= Beginning of Section =

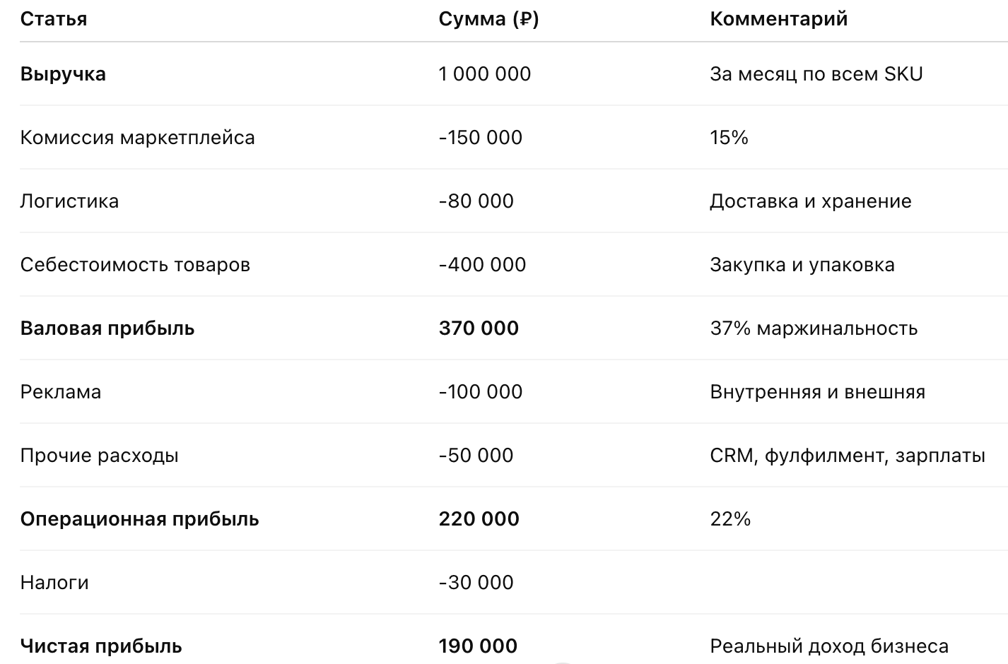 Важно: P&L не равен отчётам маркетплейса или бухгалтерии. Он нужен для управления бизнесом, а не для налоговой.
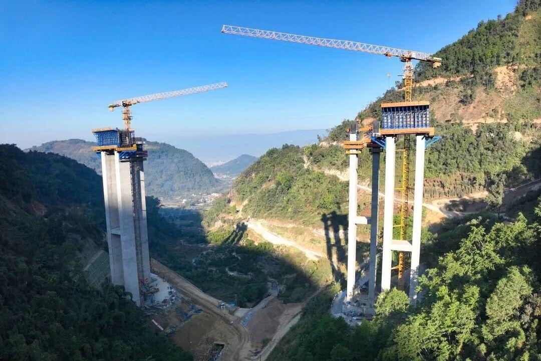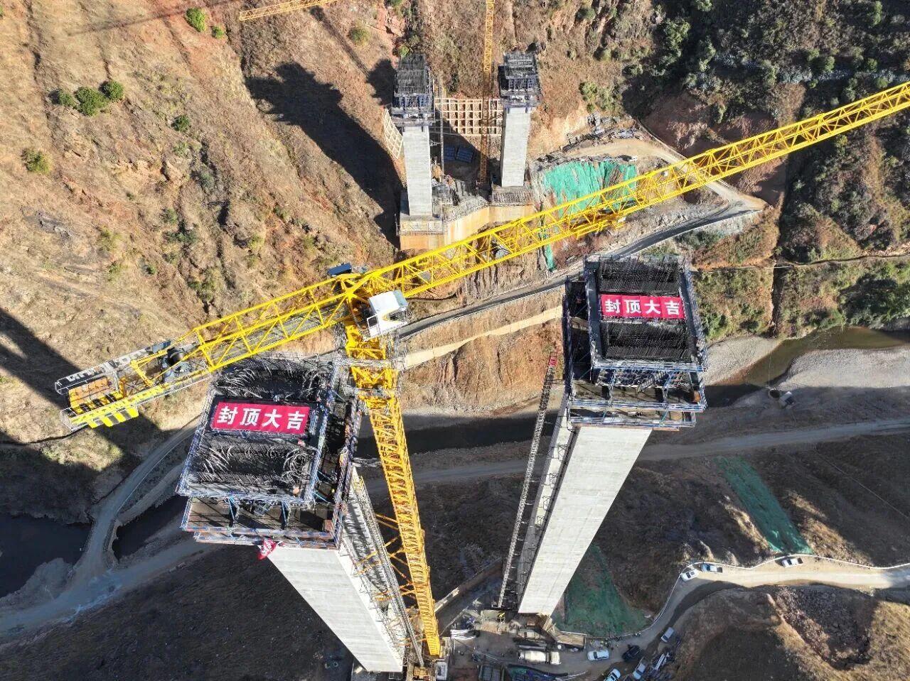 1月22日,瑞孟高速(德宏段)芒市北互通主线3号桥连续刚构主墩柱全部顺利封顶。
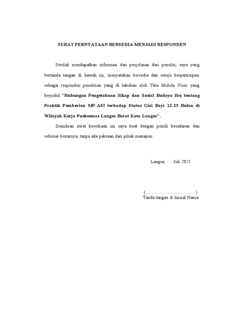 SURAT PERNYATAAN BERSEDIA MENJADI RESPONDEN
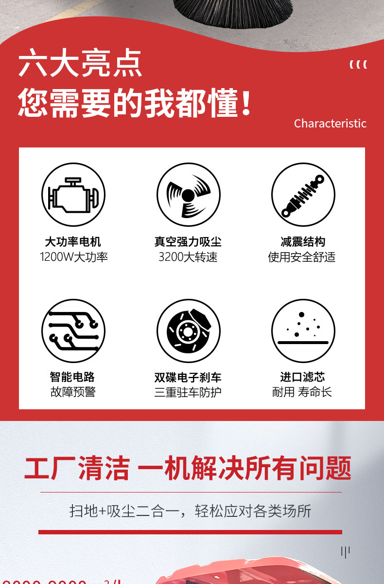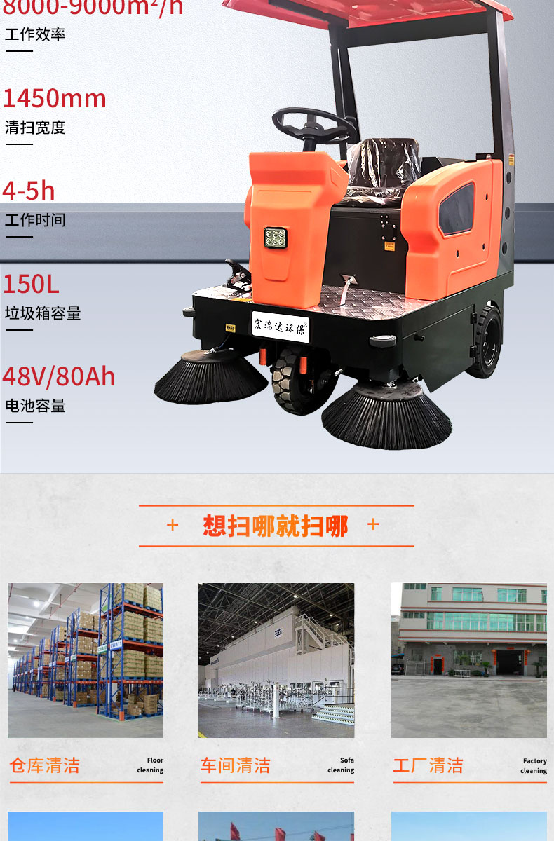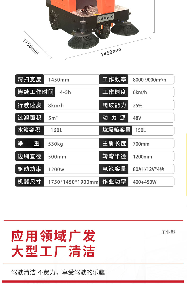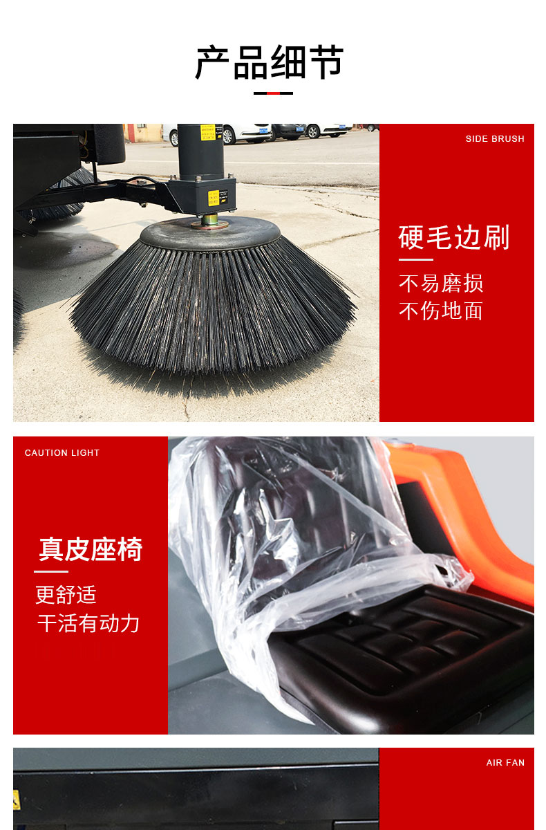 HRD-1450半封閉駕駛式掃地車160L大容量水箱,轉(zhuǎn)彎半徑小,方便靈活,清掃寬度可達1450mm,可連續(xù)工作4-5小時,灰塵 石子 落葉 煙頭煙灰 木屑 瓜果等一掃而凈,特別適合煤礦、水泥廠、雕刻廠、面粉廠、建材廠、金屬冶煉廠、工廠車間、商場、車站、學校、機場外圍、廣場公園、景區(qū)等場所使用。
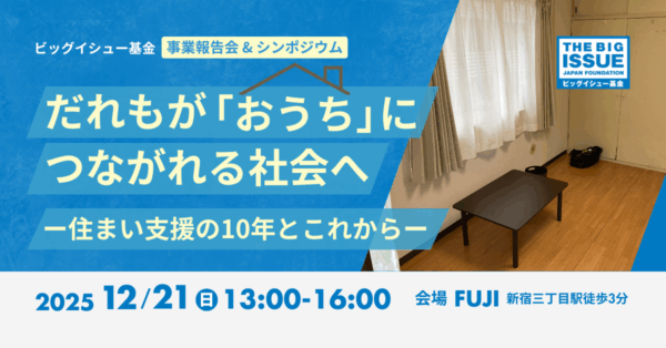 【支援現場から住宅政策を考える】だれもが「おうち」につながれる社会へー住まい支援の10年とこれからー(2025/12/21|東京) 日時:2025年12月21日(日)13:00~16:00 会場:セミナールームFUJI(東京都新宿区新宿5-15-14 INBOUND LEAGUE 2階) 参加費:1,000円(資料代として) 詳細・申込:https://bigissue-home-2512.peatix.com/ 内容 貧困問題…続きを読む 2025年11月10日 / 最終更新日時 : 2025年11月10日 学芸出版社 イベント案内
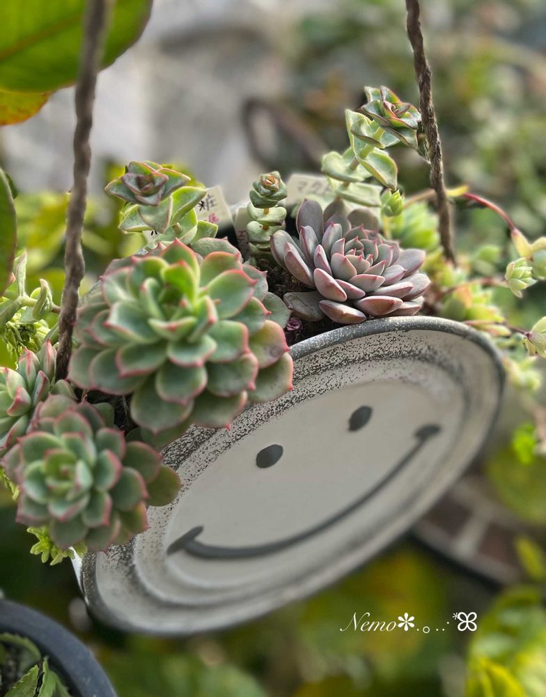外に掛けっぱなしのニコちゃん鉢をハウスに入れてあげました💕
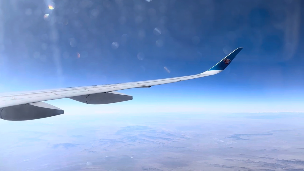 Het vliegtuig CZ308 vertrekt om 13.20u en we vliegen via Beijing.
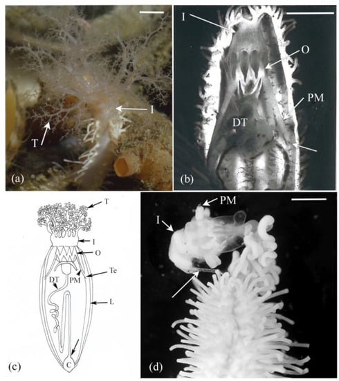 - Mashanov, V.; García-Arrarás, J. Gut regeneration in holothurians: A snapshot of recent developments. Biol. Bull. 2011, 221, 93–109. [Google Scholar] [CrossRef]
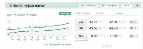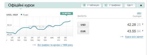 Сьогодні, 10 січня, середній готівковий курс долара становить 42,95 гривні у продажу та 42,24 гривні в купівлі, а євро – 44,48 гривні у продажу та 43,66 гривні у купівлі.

= End of Section =

**YOUR GOAL:** Every line from the one containing "2025年11月10日 学芸出版社 イベント案内" through the final line of the records above is to be written out exactly; nothing else, and no pictures.

**SOLUTION TO THE PROBLEM:**
 【支援現場から住宅政策を考える】だれもが「おうち」につながれる社会へー住まい支援の10年とこれからー(2025/12/21|東京) 日時:2025年12月21日(日)13:00~16:00 会場:セミナールームFUJI(東京都新宿区新宿5-15-14 INBOUND LEAGUE 2階) 参加費:1,000円(資料代として) 詳細・申込:https://bigissue-home-2512.peatix.com/ 内容 貧困問題…続きを読む 2025年11月10日 / 最終更新日時 : 2025年11月10日 学芸出版社 イベント案内
外に掛けっぱなしのニコちゃん鉢をハウスに入れてあげました💕
 Het vliegtuig CZ308 vertrekt om 13.20u en we vliegen via Beijing.
 - Mashanov, V.; García-Arrarás, J. Gut regeneration in holothurians: A snapshot of recent developments. Biol. Bull. 2011, 221, 93–109. [Google Scholar] [CrossRef]
 Сьогодні, 10 січня, середній готівковий курс долара становить 42,95 гривні у продажу та 42,24 гривні в купівлі, а євро – 44,48 гривні у продажу та 43,66 гривні у купівлі.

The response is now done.